Zing Forum

Reading

Multimodal Emotion Recognition in Medical Scenarios: Cross-Age Robustness of Valence Dimensions vs. Labels

The THERADIA-WoZ study, by comparing emotional data from elderly and young people, found that emotion recognition models based on valence dimensions are significantly superior to traditional categorical label methods in cross-age generalization.
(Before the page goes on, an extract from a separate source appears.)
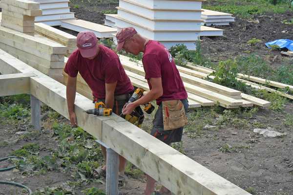 Поверх обвязки устанавливают лаги. Для этого используются брус 100х150(200) или сшитые доски 50х150(200). Это несложная часть сборки каркасного дома своими руками, но предполагает соблюдение некоторых моментов. Это: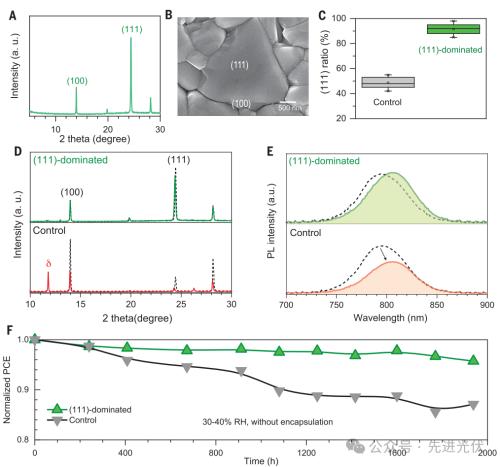 图4展示了通过晶面工程策略制备(111)面主导的钙钛矿薄膜,并验证其显著增强的稳定性。A和B部分的XRD图谱和SEM图像显示,使用环己胺添加剂后薄膜呈现主导的(111)相和大型三角形形貌,C部分的统计计算表明(111)面占比从对照样的40-55%提升至85-98%;D和E部分的XRD和PL光谱表明,在30-40%湿度下暴露1000小时后,(111)主导的薄膜其(100)和(111)峰强度仅轻微降低,而对照样品的(100)峰强度降至初始值的30%且出现明显δ相峰;F部分的器件稳定性测试显示,未封装的(111)主导器件在约2000小时后仍保持95%的初始效率,显著优于对照器件的87%,且在85°C/85%RH的严苛条件下也表现出更好的稳定性,这证明通过扩大稳定的(111)晶面比例可有效提升钙钛矿太阳能器件的环境耐受性。

情感识别多模态学习评价理论医疗AI跨年龄泛化认知训练情感计算
Published 2026-04-30 22:37Recent activity 2026-05-01 12:51Estimated read 6 min
Multimodal Emotion Recognition in Medical Scenarios: Cross-Age Robustness of Valence Dimensions vs. Labels
1

Section 01

Introduction: Cross-Age Robustness Advantages of Valence Dimension Emotion Recognition Models

Core findings of this article: The THERADIA-WoZ study, by comparing emotional data from elderly and young people, confirms that emotion recognition models based on valence dimensions are significantly superior to traditional categorical label methods in cross-age generalization. This conclusion has important guiding significance for the design of emotional interaction systems in AI healthcare scenarios (e.g., computerized cognitive training).

2

Section 02

Research Background: Key Challenges in Emotion Recognition for AI Healthcare

AI is widely applied in the medical field, but emotion recognition in human-computer interaction scenarios (e.g., Computerized Cognitive Training, CCT) still faces challenges. Traditional emotion recognition uses discrete categorical labels (such as happy, sad), which easily lose emotional details, and different groups have large differences in understanding labels, affecting the generalization ability of models. CCT systems need to accurately recognize emotions to adjust training content; otherwise, the effect will be reduced or negative experiences will be brought.

3

Section 03

Research Methods: Cross-Age Dataset and Valence Theory Framework

  1. Cross-Age Dataset: Expand the THERADIA-WoZ corpus, add new young people's data to support cross-age generalization evaluation;
  2. Valence Theory Perspective: Introduce valence dimensions (pleasure, arousal, dominance) as emotional representations instead of discrete labels to capture continuous emotional features;
  3. Experimental Design: Set three evaluation scenarios—intra-corpus (same-age testing), cross-corpus (cross-age testing), and mixed corpus (mixed data training) to comprehensively test generalization ability.
4

Section 04

Core Evidence: Cross-Age Generalization Advantages of Valence Dimension Models

Experimental results show:

  • In all scenarios, the performance of valence dimension models is better than that of categorical label models;
  • In cross-corpus evaluation, the performance of categorical label models drops sharply to random levels, while valence dimension models still maintain accuracy significantly higher than random;
  • Mixed data training does not improve generalization ability, indicating that the advantage comes from the cross-group stability of the representation method itself.
5

Section 05

Clinical Application Value and Practical Guidance

Guidance for AI healthcare:

  1. Representation Method Selection: Prioritize valence dimensions over categorical labels, especially for diverse user groups;
  2. Model Deployment: Valence dimension models are suitable for cross-age deployment, reducing separate training costs;
  3. System Feedback: Continuous dimensions support detailed feedback, and training parameters can be adjusted according to pleasure and arousal; In addition, multimodal fusion (voice + facial expressions) improves recognition accuracy, and valence dimensions provide a unified framework for multimodal integration; The research team also opened a time-continuous emotion prediction API to promote follow-up research.
6

Section 06

Future Research Directions and Prospects

Future explorations can include:

  • Expand to more age groups such as children and adolescents to establish a full-life-cycle model;
  • Verify the generalization ability of valence dimensions in different cultural backgrounds;
  • Link emotion recognition accuracy with the clinical effect of cognitive training;
  • Optimize model efficiency to support real-time online CCT scenarios.